University's Internet Connection Quadrupled

News Release

Fairbanks, Alaska - Access to the Internet for University of Alaska Fairbanks computer users more than quadrupled last week. The Arctic Region Supercomputing Center today announced expansion of access to a high speed computer network previously available only to some ARSC users. The new capacity became available April 7 to researchers, faculty, students and staff.

ARSC has entered into a collaborative agreement with the Department of Defense High Performance Computing Modernization Program and the Defense Research and Engineering Network (DREN) to allow this expanded use of the DREN. The agreement makes improved network access available as a temporary arrangement while new undersea cable is being laid and preparations are underway for an even higher speed connection next fall which was recently announced by the University of Washington and the University of Alaska.

"This expanded bandwidth provides an immediate speedup of data transmission for anyone who uses the Internet to connect with UA, whether coming in to Alaska or going Outside to the lower 48 and the rest of the world," said Frank Williams, UAF's Vice Chancellor of Administrative Services and Director of ARSC.

"It's been part of my vision for the university and for ARSC to improve network capacity to Alaska, and with these two initiatives we're making major progress in that direction," Williams said.

Internet connections between the UAF campus and the rest of the world have always hit a bottleneck between Alaska and the lower 48 states, said Jeff Harrison, ARSC Network Specialist.

"The bandwidth has been limited, which results in congestion and slower performance, particularly at certain times of the day when traffic on the network is high," Harrison said.

Internet traffic from K-12 schools and libraries which connect to the Internet through UAF will also benefit from the increased network speed, Harrison said. They will continue to use the existing internet link provided by Verio, UA's internet service provider, but the move to the DREN will free up bandwidth on that link.

"Having all the research traffic run on the DREN means less wait time and accelerated transfer of large data files.

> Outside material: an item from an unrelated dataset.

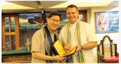
ជំនួបលោកអភិបាលជាមួយលោកកាឌីណាល់ តាកល្លេ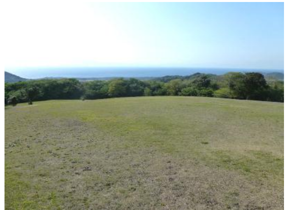
富士山や相模湾を見渡す広大な芝生の土地

その後、広大な土地を活かしたリスの見学施設を作り、好評を博してきましたが、その運営方針が徐々に変わってきている様子でした。現在では、地域の特徴に合わせた椿を始めとする花類のための施設に転換を図っておられていました。個人で取り組まれるそのバイタリティーに敬服するものでした。成功を願っております。その一角に、広い芝生の高台から伊豆半島・富士山を見渡せる場所が開かれており、何も置かない空間が創られていました。島の宿泊施設で個人客の人気を博するものが定着すれば、定常的に観光客の増加につながるのではないのでしょうか。

That frees up space on the network so everyone can get their work done faster," Harrison said.

Response from ARSC users was immediate.

"THANK YOU for the upgraded connections!!!!! What a difference!!!" said ARSC user Don Morton of Missoula, Montana, in an e-mail the day after the upgrade.

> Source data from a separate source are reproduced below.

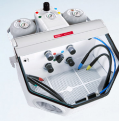
Basic quattro IS Micro-sabbatrice 25-70 µm/70-250 µm Art. No. 2959 0000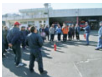
消火器の取り扱い方を下仁田消防職員の方々より講義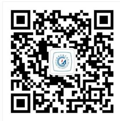
协会微信公众号二维码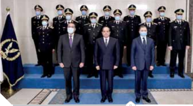
الرئيس مع المجلس الأعلى للشرطة

An Associate Professor in the Computer Sciences Department at the University of Montana, Morton is working on developing models for fluid flow problems as part of a National Science Foundation grant. He has been an ARSC user for several years, but has been accessing the ARSC supercomputers via the commodity internet.

"Only problem is, now I don't have enough time to go and fetch a cup of coffee between keystrokes," he joked.

The Defense Research and Engineering Network is intended to support scientists and engineers conducting research at universities, industry sites, test centers and defense laboratories for the High Performance Computing Modernization Program. ARSC provides computing resources for the HPCMP in addition to the support it provides for the University of Alaska.

The DREN telecommunications link was originally installed in 1996 to meet the needs of ARSC researchers who reside outside Alaska as well as those of local users who require access to data and computers elsewhere. The original single T1 link of 1.54 megabits per second (Mbs) was expanded to more than six T1s (9Mbs) in 1998. Now, when combined with UA's existing Wide Area Network link, other university users can also benefit from this additional capacity.